Князь снова пошел вдоль линии догоравших огней. Снег сухо хрустел под ногами. И думал он, полный тоски, над судьбой своей… Родись он, к примеру, среди фрязей, он мог бы видеть Стешу сколько хотел, мог бы говорить с ней, а здесь она рядом вот – и все же между ними стена неприступная. Чудное дело: у всех были матери, у всех были сестры, а на женщину Москва смотрела – по указке монахов – как на какую-то дьяволицу в образе человеческом, и, чтобы она как не напрокудила, запирали ее накрепко в терему высоком. Без позволения мужа жена не могла выйти даже в церковь. Все очень хорошо знали, что ни высокие заборы, гвоздьем утыканные, ни злые собаки, гремящие цепью во дворах день и ночь, ни надзор семьи не мешали прелестнику-дьяволу делать в конце концов свое дело – через торговок, через гадалок, через богомолок. И часто потворенные бабы эти работали в высоком терему для боярынь и боярышен, а внизу – для боярина: убежденный, что его собственный терем недоступен, он сам был не прочь позабавиться в терему чужом… А не только фрязи, но и новгородцы ничего этого не знают… Но, вздохнул он тяжело, если бы даже встретились они не в Москве, а там, где люди поскладнее устроились, и там между ними была бы стена: ведь она жена его лучшего друга, единственного человека, которому открывается душа его… Так зачем же они так поздно встретились? Кому это нужна мука их?.. Он ясно, остро чувствовал, – ее милые голубые глаза враз сказали ему все, – что и она, может, не спит теперь, в эту глухую зимнюю ночь, и – тянется к нему…
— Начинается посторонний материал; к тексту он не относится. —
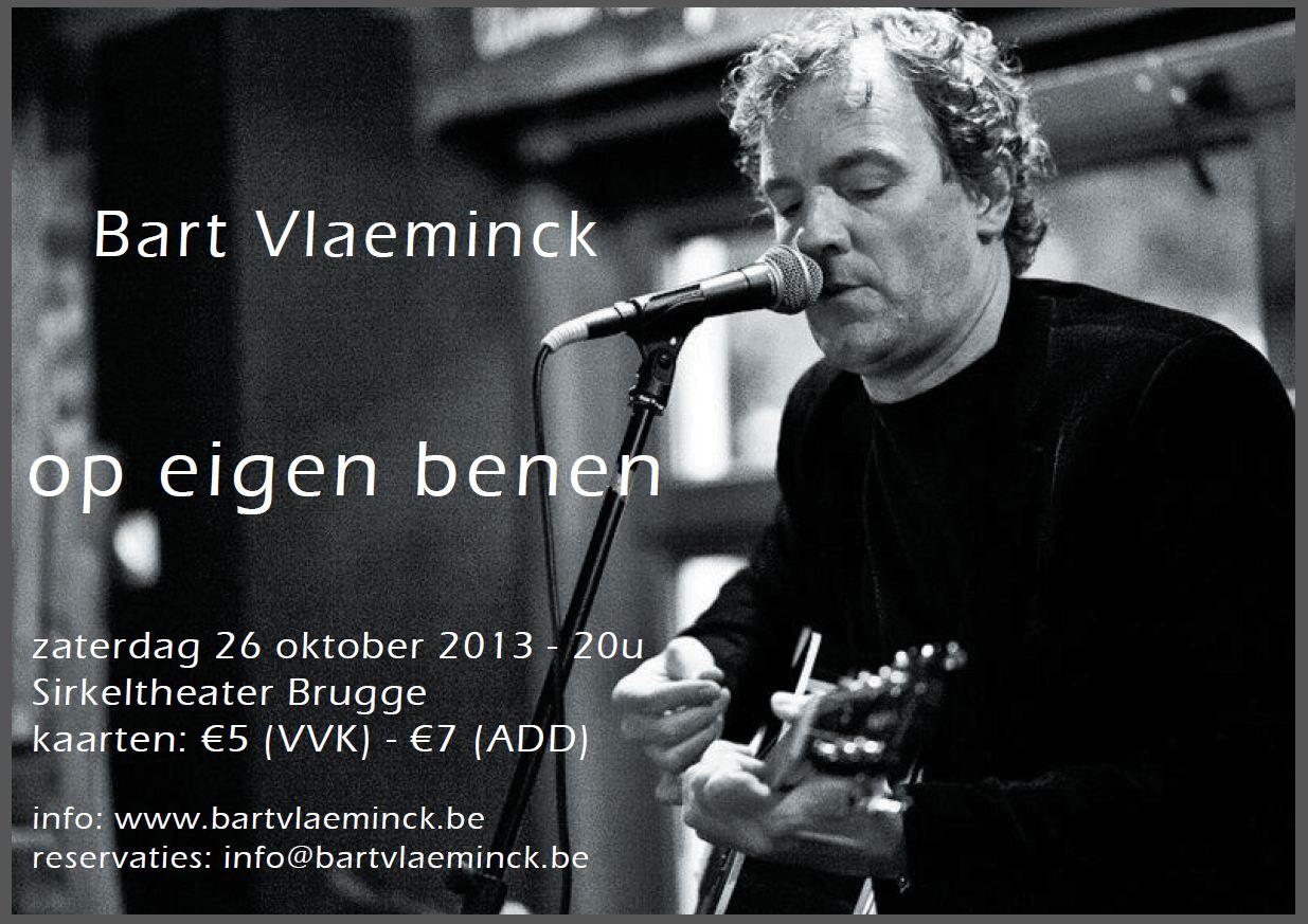 Kaarten kosten €5 in voorverkoop en €7 aan de deur. Kaarten zijn verkrijgbaar bij mij. Reserveren kan via mail info@bartvlaeminck.be

Неподалеку послышались голоса. Он поднял голову. Навстречу ему медленно двигались по линии угасающих костров двое. Сперва он подумал, что это дозор, но потом, присмотревшись, узнал Фиораванти в тяжелой волчьей шубе и – Андрея. Сердце его тяжело забилось. Теперь он всячески старался избегать старого друга. Но избегнуть встречи было уже невозможно: князь Андрей заметил его.
– Что, и ты не спишь?.. – весело крикнул он. – Я лег было да что-то прозяб. Привычку, говорят, надо… А ты что полуношничаешь?
Князь Василий подошел к ним, поздоровался с фрязином и неловко улыбнулся другу.
– Не спится что-то… – сказал он. – Давайте пройдемся маленько, может, тогда лучше сон возьмет…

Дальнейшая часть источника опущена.